§ WORK TO BE COMPLETED:
The line containing "1. 通过对音响的观察我们能" and every line after it to the end of the records: set those down exactly, without any pictures.

=== Begin Enclosure ===

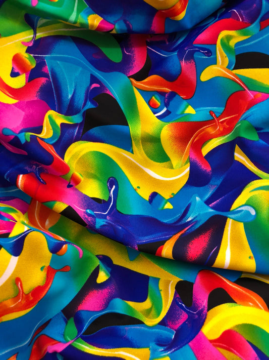 New nylon spandex print graffiti paint design 4way stretch 58/60" Sold by the YD. Ships worldwide from Los Angeles California USA.
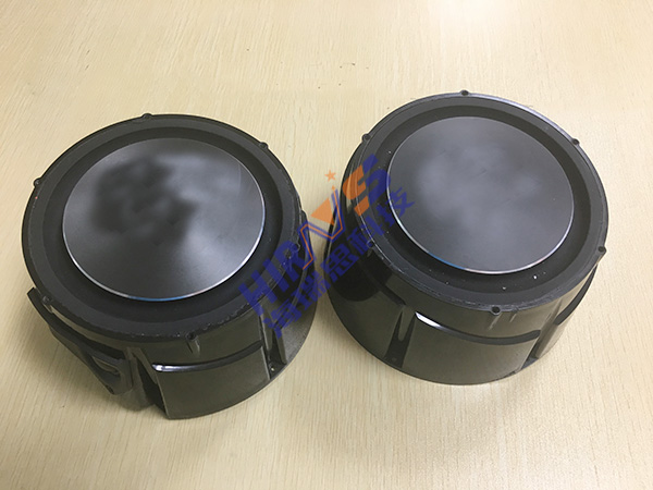 1. 通过对音响的观察我们能看到音响的正上方有几个很小的出气孔,出声区的下凹圆形是一层音响膜,可以通过模具压住上方固定往内部充入气体;
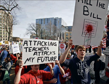 If collective bargaining rights are taken away from the teachers, they will have to individually re-new their contracts. Salary increases will not be for everyone. Since the teachers who are not as efficient or teach poorly will be paid less then they are now they will not benefit from the group effort to monopolize their contracts.
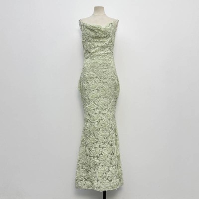 Elegant Light Green 3D Jacquard Spaghetti Strap Mermaid Maxi Dress Banquet Evening Gown
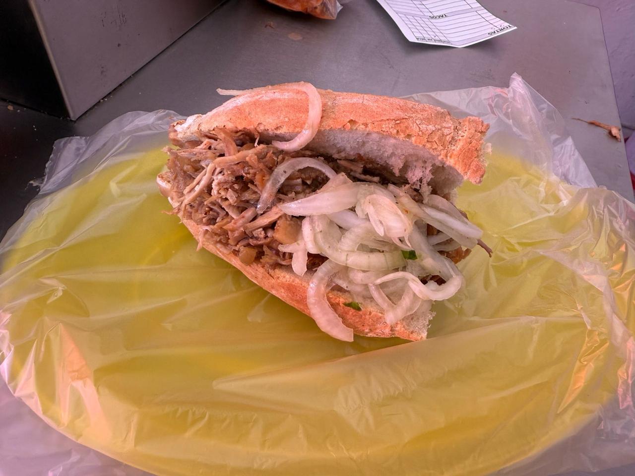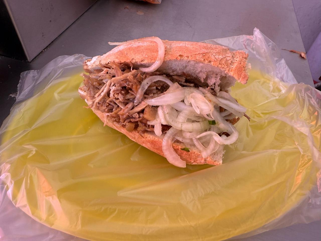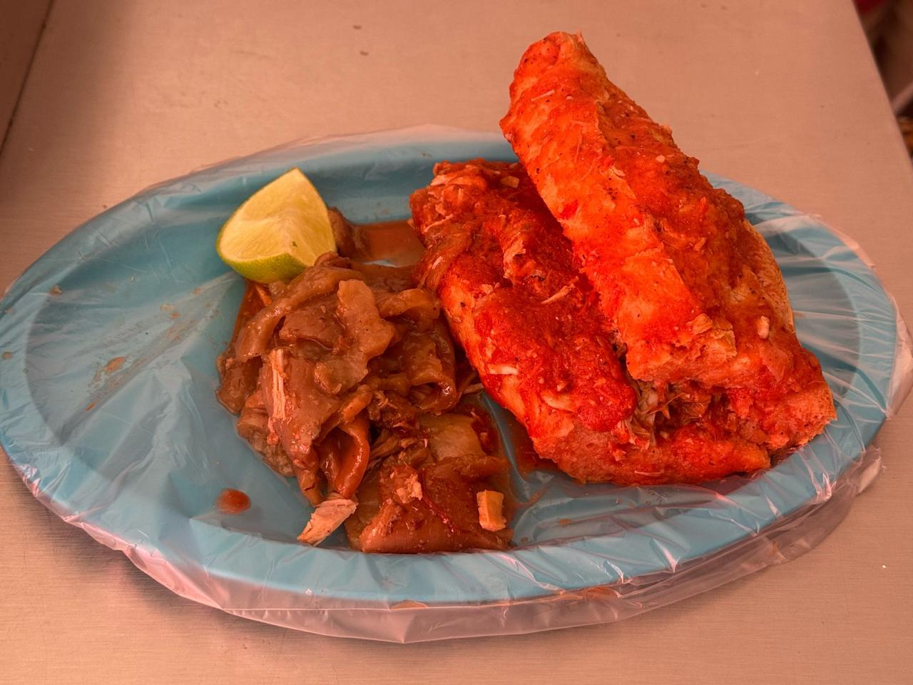 Torta ahogada de salsa y carne de cerdo.

=== End Enclosure ===

§ REPLY TO THE EXERCISE:
 1. 通过对音响的观察我们能看到音响的正上方有几个很小的出气孔,出声区的下凹圆形是一层音响膜,可以通过模具压住上方固定往内部充入气体;
 If collective bargaining rights are taken away from the teachers, they will have to individually re-new their contracts. Salary increases will not be for everyone. Since the teachers who are not as efficient or teach poorly will be paid less then they are now they will not benefit from the group effort to monopolize their contracts.
 Elegant Light Green 3D Jacquard Spaghetti Strap Mermaid Maxi Dress Banquet Evening Gown
 Torta ahogada de salsa y carne de cerdo.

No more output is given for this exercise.